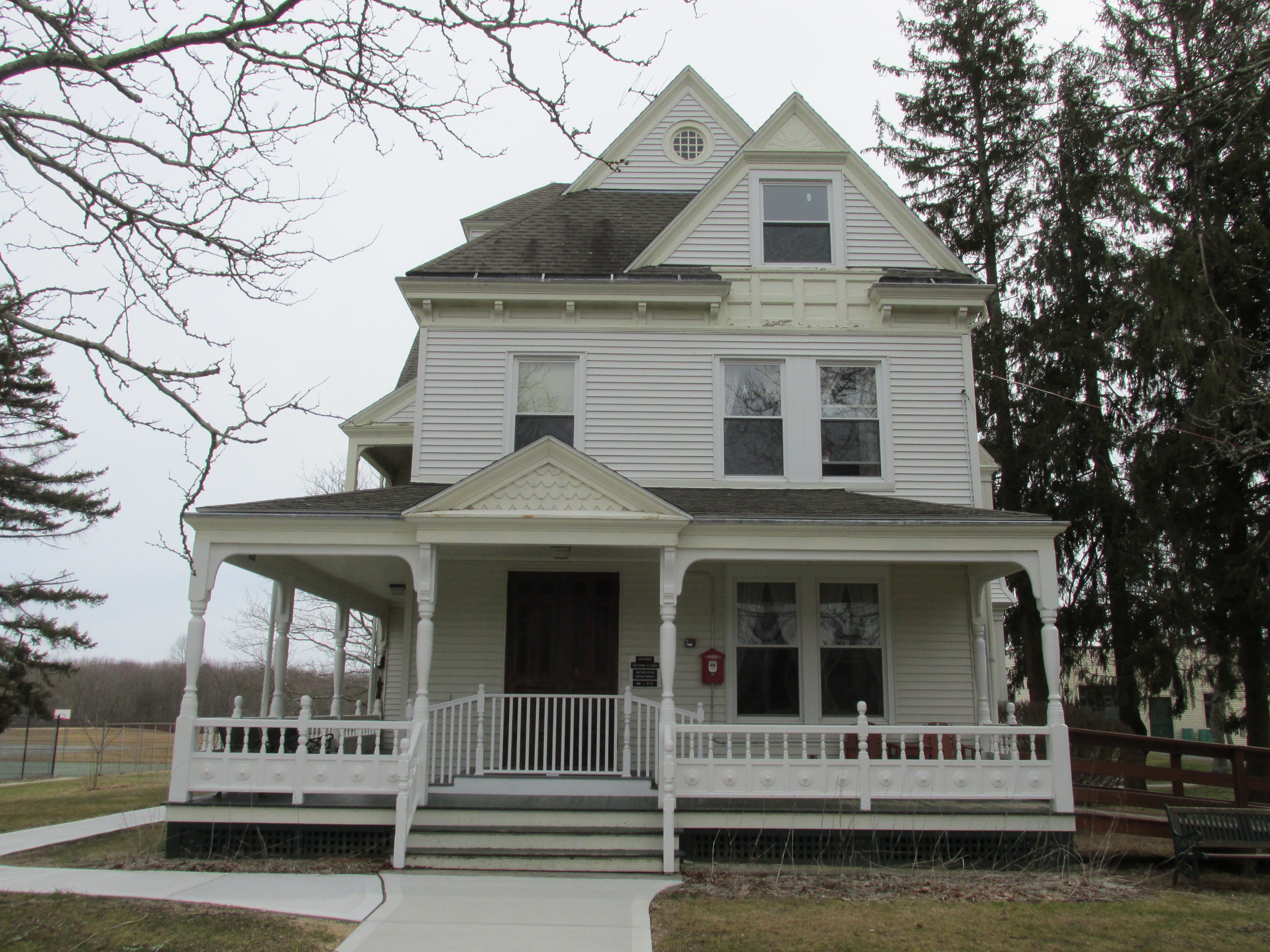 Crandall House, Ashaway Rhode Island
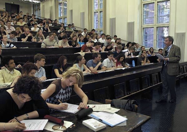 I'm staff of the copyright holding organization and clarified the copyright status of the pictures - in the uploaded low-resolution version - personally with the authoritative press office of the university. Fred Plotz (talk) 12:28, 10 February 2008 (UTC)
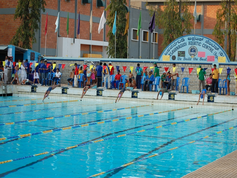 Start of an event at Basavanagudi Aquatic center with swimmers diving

+ + + +

Brief: Restate the whole listing above exactly, please, omitting every image.

Expected output:
 Crandall House, Ashaway Rhode Island
 I'm staff of the copyright holding organization and clarified the copyright status of the pictures - in the uploaded low-resolution version - personally with the authoritative press office of the university. Fred Plotz (talk) 12:28, 10 February 2008 (UTC)
 Start of an event at Basavanagudi Aquatic center with swimmers diving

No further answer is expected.